I've read about some mods being offered by Audio Creations in Japan, just wondering if anyone is doing the work here in the states. Thanks!


----------



## t3sn4f2 (Jan 3, 2007)

Same company that mods Bugatti Veyrons.


----------



## lsm (Mar 11, 2009)

t3sn4f2 said:


> Same company that mods Bugatti Veyrons.


I'm guessing I don't want to know the cost of admission then.... I found them last night through a random Google search.


----------



## t3sn4f2 (Jan 3, 2007)

lsm said:


> I'm guessing I don't want to know the cost of admission then.... I found them last night through a random Google search.


Nothing to do with cost. No one in their right mind mods a product in that class. Changing anything out would only result in prettier component names and MUCH likely degraded performance. It's a quality product as a whole, not a sum of individual quality parts. 

Although with the Veyron, it's surely both.


----------



## lsm (Mar 11, 2009)

t3sn4f2 said:


> Nothing to do with cost. No one in their right mind mods a product in that class. Changing anything out would only result in prettier component names and MUCH likely degraded performance. It's a quality product as a whole, not a sum of individual quality parts.
> 
> Although with the Veyron, it's surely both.

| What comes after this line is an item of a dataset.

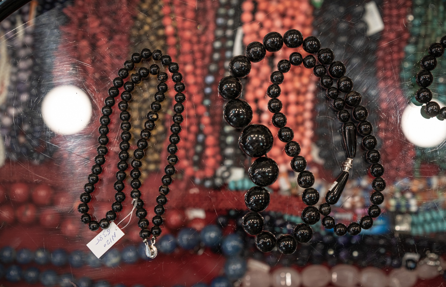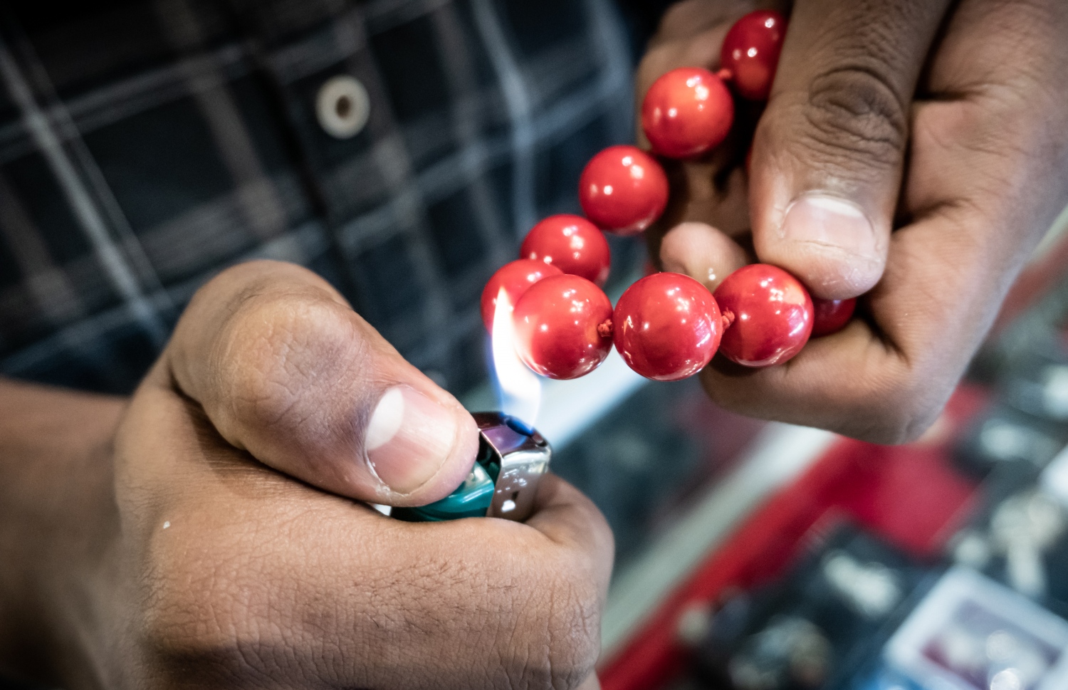 A shopkeeper burns a red coral necklace to prove its authenticity.

While I can't say I disagree with your statement I'm always interested in learning more. I've modded several high-end components in the past with excellent results. If nothing else it intrigued me to say the least...

What's with the Veyron? Did they actually modify one, and if so what did they do?? 

Thanks!


----------



## chefhow (Apr 29, 2007)

Contact Matt Roberts, aka MattR on the forum. What are you looking to mod?


----------



## lsm (Mar 11, 2009)

chefhow said:


> Contact Matt Roberts, aka MattR on the forum. What are you looking to mod?

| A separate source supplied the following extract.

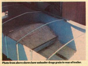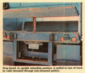 The system consists simply of a cable-powered drag "board" that's pulled along the floor of the trailer. The metal drag board is flared so, that when pulled toward the back of the trailer, it stands straight up and pulls grain to the rear. When pulled back to the front, it rides flat against the trailer floor with little resistance. Two cables strung between pairs of pulleys at the front and back of the trailer and driven by a heavy-duty winch mounted under the trailer bed ù automatically pull the 1-ft. tall drag board back and forth until the trailer is empty.

Thanks! At this point I'm more looking into what mods can be performed and what you gain, etc. My first though was an external D/A Converter. I'll get ahold of Matt and go from there.


----------



## holman (Aug 10, 2012)

I would be interested in this also.


----------



## cobb2819 (Jan 13, 2011)

I'd be interested in getting some repairs done to my Subaru McIntosh double din. 


Sent from my iPad using Tapatalk


----------